SUPPLIED INFORMATION START
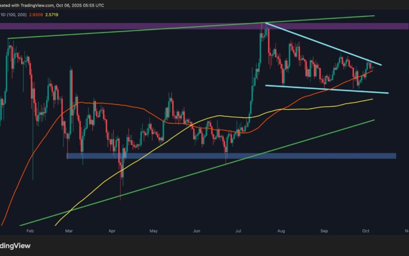 Currently, the market is retesting the upper boundary of this wedge near $3.05–$3.15, which aligns with a key supply zone that has repeatedly rejected previous attempts at continuation. A confirmed breakout above this confluence could open the path toward $3.35 and eventually $3.60, where the higher-timeframe liquidity pool and major resistance await.
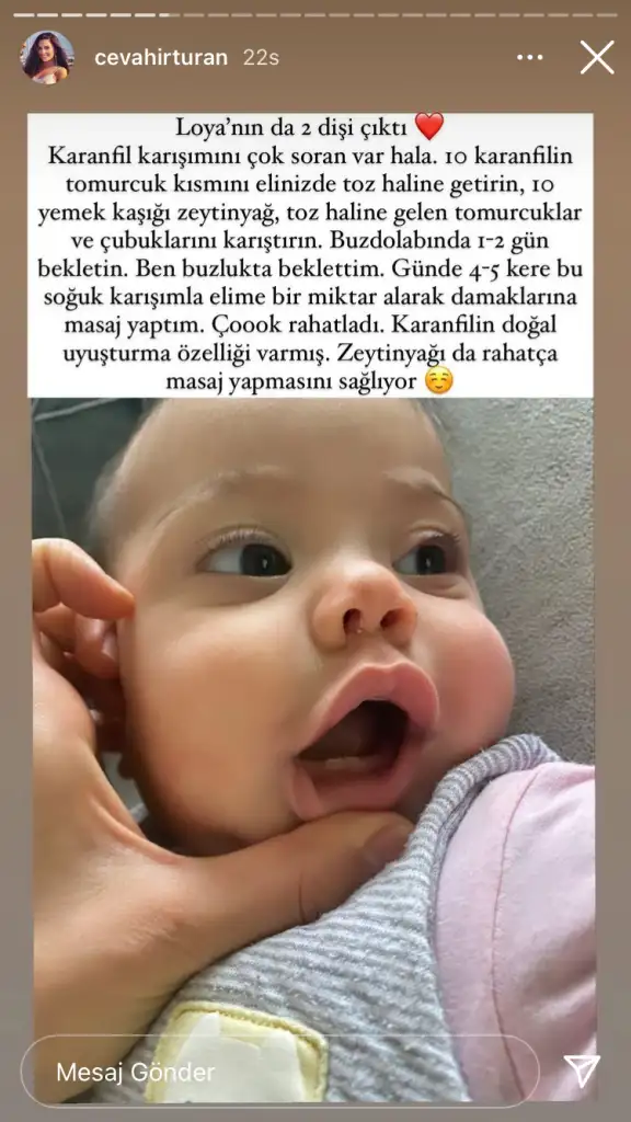 Tarif vereyim sanaValla ben doktor gününü beklıyorum çünkü benımkıde aynı ellerıne eldıven takıyorum eldıvenler ıslak kollarına ındı ıslaklık salyadan o el agza gidiyor emzık verıyorum oyalansın dıye atıyor onu gene elı agzında diş damakları kaşınmaya baslamıs olabilir bende öyle dusunuyorum çenesine sinir yerlerıne masaj yapmaya basladım karanfılı suda bekletip damaklarına sürüyorum iyi gıbı oluyor bida başa donuyoruz anne sütüde verıyormusun sadece mamaysa bılemıcem belkı anne sütün yogunlaşmıstır dıcektim .
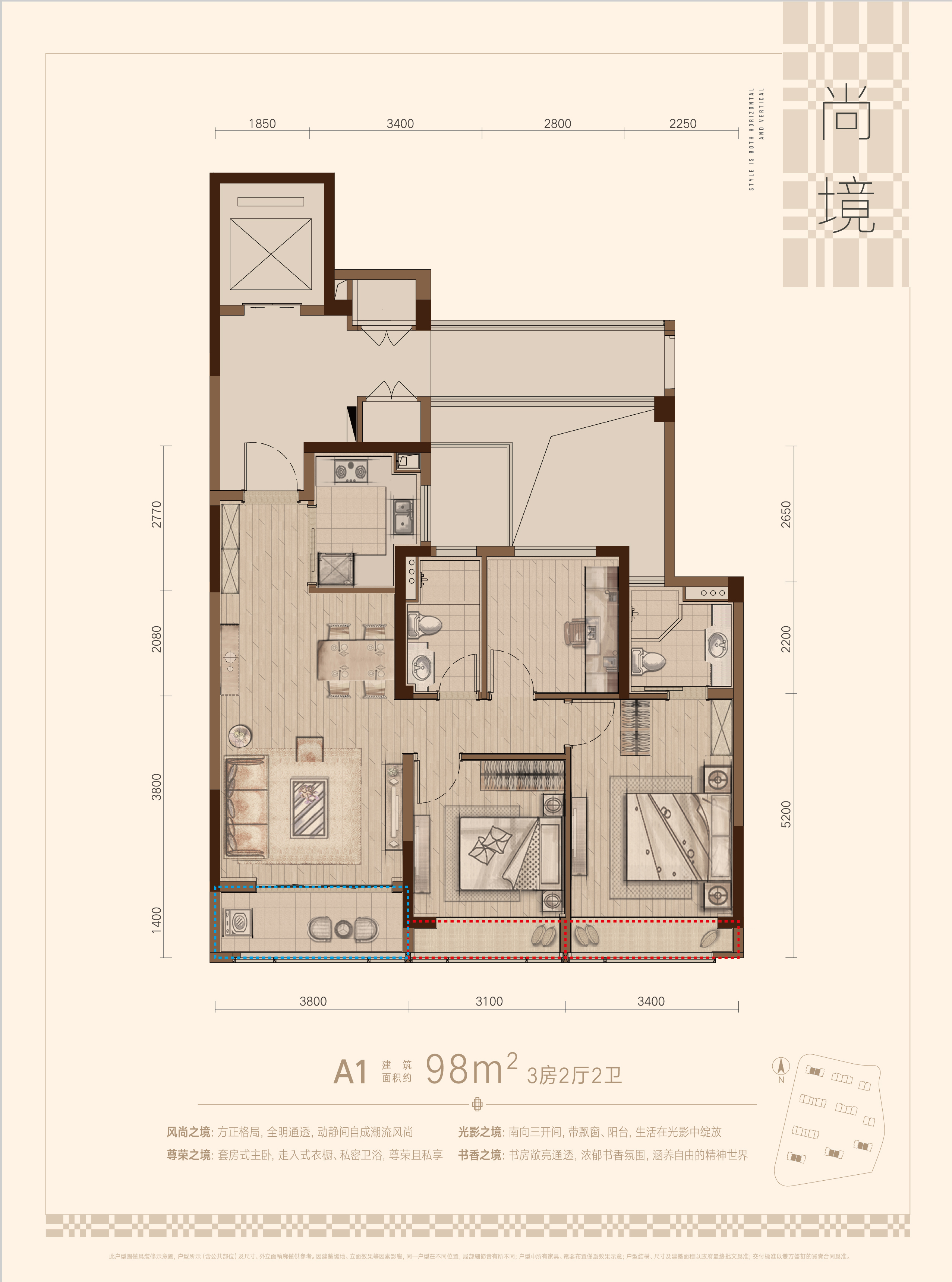 3室2厅2卫-1-3#11#建面约98㎡中间套A1户型
SUPPLIED INFORMATION END
- TASK DESCRIPTION: Everything above except the pictures needs to be reproduced exactly.

- RESPONSE BOX:
 Currently, the market is retesting the upper boundary of this wedge near $3.05–$3.15, which aligns with a key supply zone that has repeatedly rejected previous attempts at continuation. A confirmed breakout above this confluence could open the path toward $3.35 and eventually $3.60, where the higher-timeframe liquidity pool and major resistance await.
 Tarif vereyim sanaValla ben doktor gününü beklıyorum çünkü benımkıde aynı ellerıne eldıven takıyorum eldıvenler ıslak kollarına ındı ıslaklık salyadan o el agza gidiyor emzık verıyorum oyalansın dıye atıyor onu gene elı agzında diş damakları kaşınmaya baslamıs olabilir bende öyle dusunuyorum çenesine sinir yerlerıne masaj yapmaya basladım karanfılı suda bekletip damaklarına sürüyorum iyi gıbı oluyor bida başa donuyoruz anne sütüde verıyormusun sadece mamaysa bılemıcem belkı anne sütün yogunlaşmıstır dıcektim .
 3室2厅2卫-1-3#11#建面约98㎡中间套A1户型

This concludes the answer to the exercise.